The modern application landscape is changing fast! A microservices architecture modularizes your application where each service can be built and scaled independently of the other. Individual developers can iterate fast and provide continuous delivery of their microservice. But this also means more complexity, more chaos, more moving parts in production at a faster cadence. Microservices architecture can be a boon for developers but a bane for SREs.

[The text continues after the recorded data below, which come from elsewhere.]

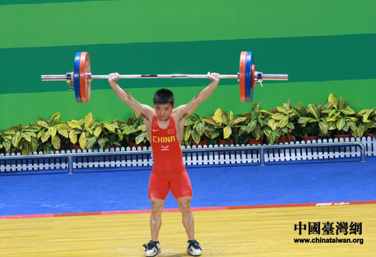 中國(guó)隊(duì)選手黎立志以總成績(jī)273公斤獲得男子56公斤級(jí)的舉重冠軍。(中國(guó)臺(tái)灣網(wǎng) 于斯文 攝)
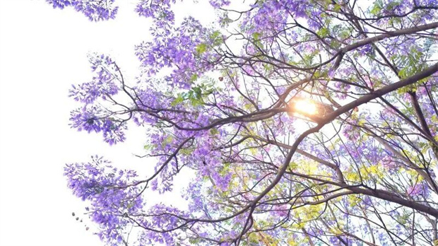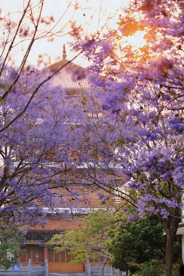 蓝花楹,是更唯美的视觉暴击,阳光穿透半透明花瓣,碧蓝的湖水映衬着蓝紫色花朵,诗意而清新。
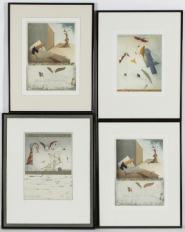Graslitz 1945 – tätig in Prien, ‚Future‘, je betitelt, vier Farbaquatintaradierungen, je mit Auflage, je ca. 41 x 30 cm (331,641,817,958)
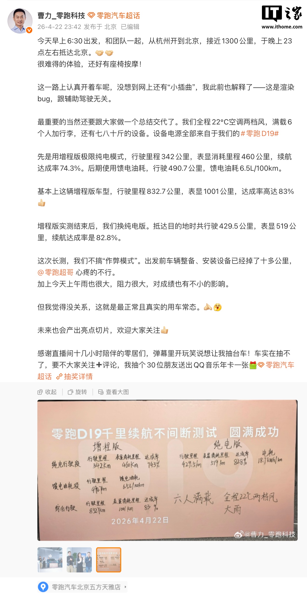IT之家 4 月 23 日消息,4 月 22 日(昨天)深夜,零跑科技高级副总裁曹力详细总结了当天从杭州开到北京的 D19 长测经历。
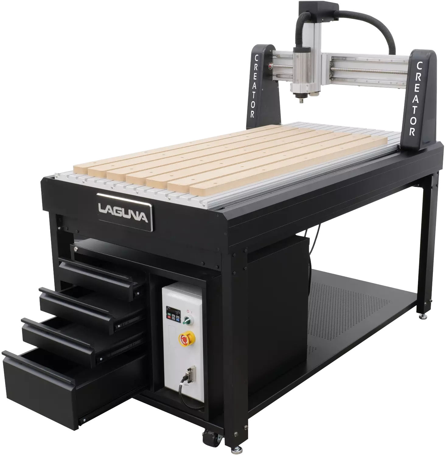 The Laguna Creator is a desktop CNC designed to bring pro‑grade precision to compact shops and schools. An all‑metal frame, linear guides, and ballscrew Z‑axis provide smooth motion and repeatable accuracy. The bundled control software and touch pendant simplify workflows without a dedicated PC. Ideal for wood, plastics, foams, and non‑ferrous prototyping.
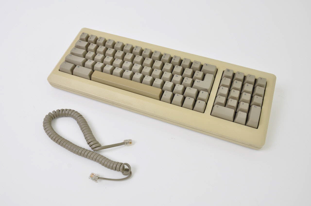 Ce clavier en plastique beige de forme rectangulaire comporte des touches grises diverses avec des inscriptions en noir sur l'ensemble de la face supérieure.
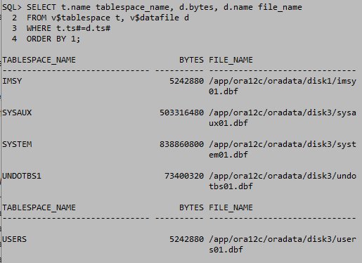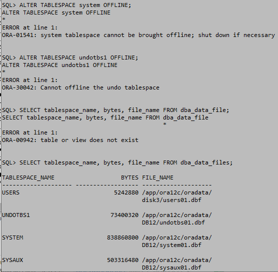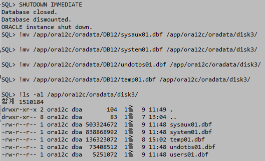 이 상태에서는 테이블스페이스를 offline으로 변경하여 작업을 수행한다. 당연히 사용자가 임의로 사용이 불가능한 SYSTEM이라는 이름의 테이블 스페이스와 실행취소 세그먼트가 있는 테이블 스페이스, 기본임시 테이블 스페이스는 offline 작업을 할 수 없다.
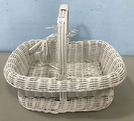 White Wicker Carrying Basket, white painted, with handle, 20"h. White Wicker Carrying Basket, white painted, with handle, 20"h.

Without a sophisticated observability platform, the promise of microservices, unfortunately, is broken!

Microservices observability focuses on a tight data integration of three key data sources, correlating time-series metrics, histogram distribution, and distributed tracing information. With a unified view, developers and SREs get a true 3-dimensional (metrics, histograms, traces) view they need to monitor, troubleshoot, and profile their microservices application performance. Under the hood, a microservices application is composed of popular open source frameworks. The beauty of microservices is that you’re not tied to one programming language. With a single, unified “observability SDK”, SREs and developers can quickly use out-of-the-box metrics, histograms, and traces for all the popular frameworks and
languages. Out-of- the-box implies taking your polyglot application that is
completely un-instrumented, plug in the relevant SDKs and instantly start seeing metrics, histograms and traces lit up on our built-in dashboard UI.

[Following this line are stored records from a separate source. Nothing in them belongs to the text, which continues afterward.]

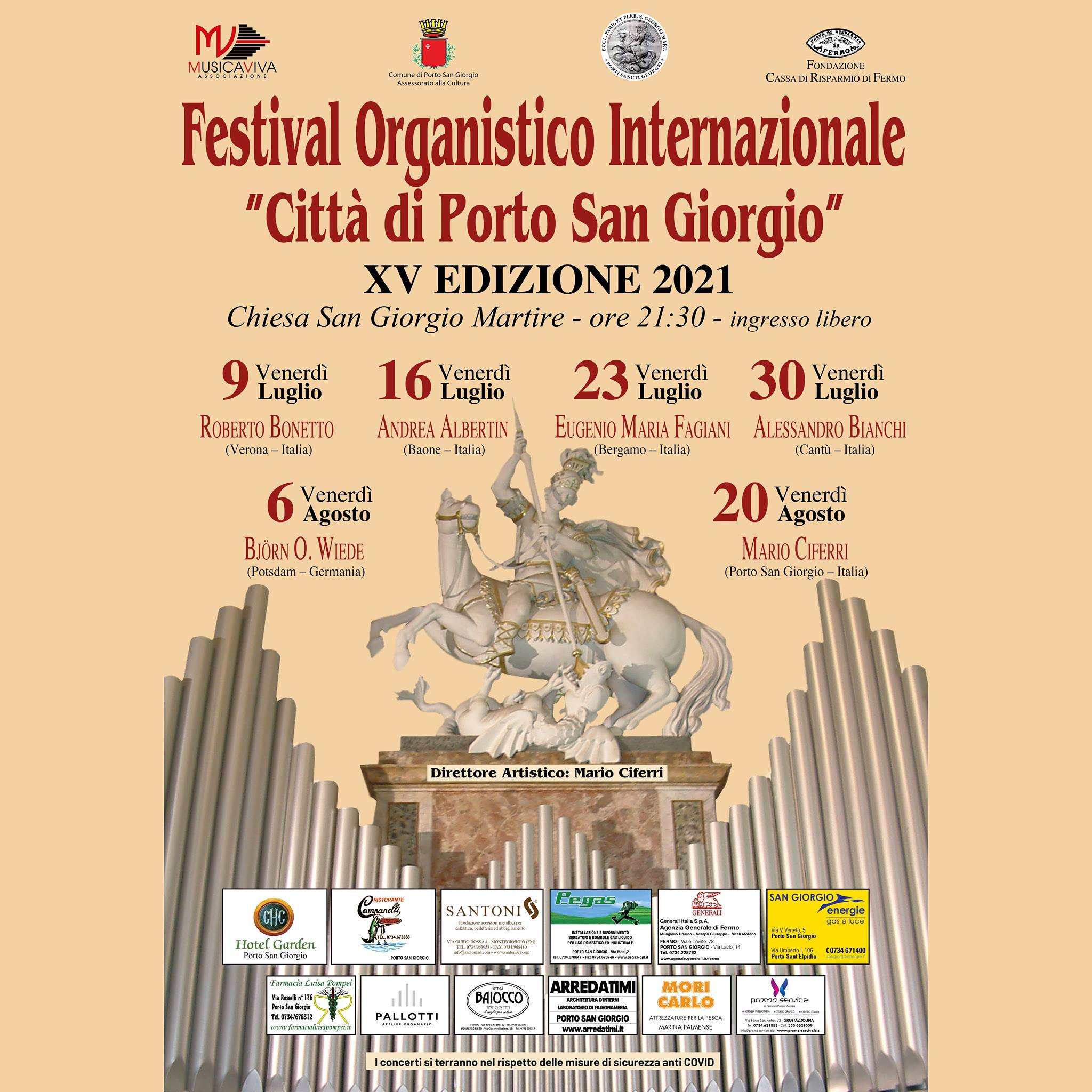 Chiesa S. Giorgio Martire, ore 21.30, Festival Organistico Internazionale “Città di Porto San Giorgio”, XV edizione 2021, Direttore Artistico Maestro Mario Ciferri.
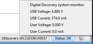 The Digital Discovery's system monitor displays the voltage, current, and temperature. In the main window, click the button in the status bar to show this information.
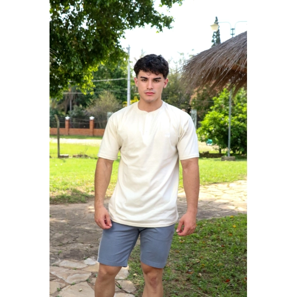 REMERA JACK SIDE CUELLO REDONDO CON BOTONES MARFIL TALLE M
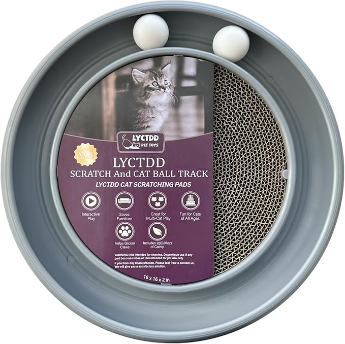 - 【Cat Scratching Board Set】:The round cat scratcher toy comes with 1 cat ball track base (16 inches in diameter),Toys for all kinds of big and small cats,1 round cat scratcher refill (11 inches in diameter),2 rolling cat toy balls,Preventing Loss,that keeps your cat entertained for hours.
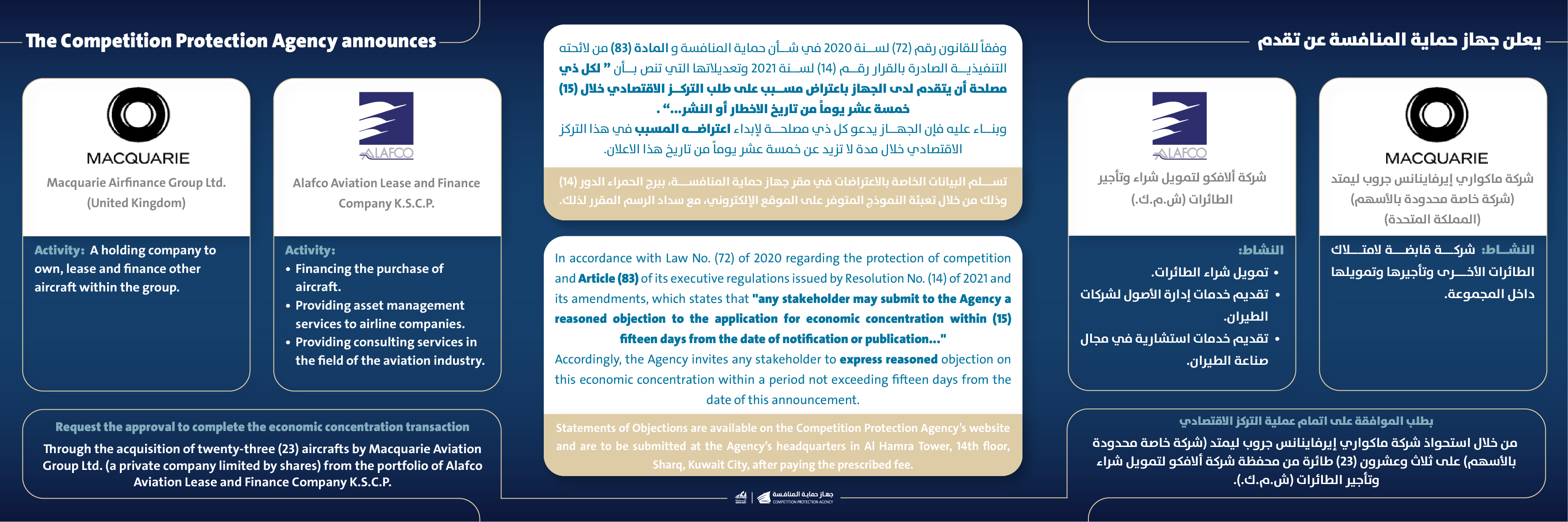 يعلن جهاز حماية المنافسة عن تقدم شركة ماكواري إيرفاينانس جروب ليمتد( شركة خاصة محدودة بالأسهم)(المملكة المتحدة) وشركة ألافكو لتمويل شراء وتأجير الطائرات (ش.م.ك.) بطلب الموافقة على اتمام عملية التركز الاقتصادي

In this talk, we will detail our journey toward implementing this 3D observability experience for our SREs and developers, where we analyze and visualize RED metrics (Requests, Errors, and Duration) for our microservices-based SaaS application, used by large enterprises worldwide. The duration, in this case, is a histogram comprising minute, hour and day distributions as first-class citizens in ourbackend store so the data can be sliced and diced that data with statistical functions (min, max, mean, median, p75, p95, p99, p99.99) on those distributions.

We integrated distributed tracing that provides language agnostic context propagation across all our microservices. We also derive metrics and histograms (i.e. RED metrics) from tracing spans so that we can quickly indicate top requests, top failed requests, and slowest operations. All this information can be visualized byour sophisticated dashboards built specifically so that our SREs can triage root cause faster in production.

In conclusion, by getting to 3D microservices observability, our SREs and
developers finally have a complete picture of the microservices application that will empower them to not only get a pulse of the overall health of their application but also drill down into the specific misbehaving microservice thus troubleshooting problems in production
faster.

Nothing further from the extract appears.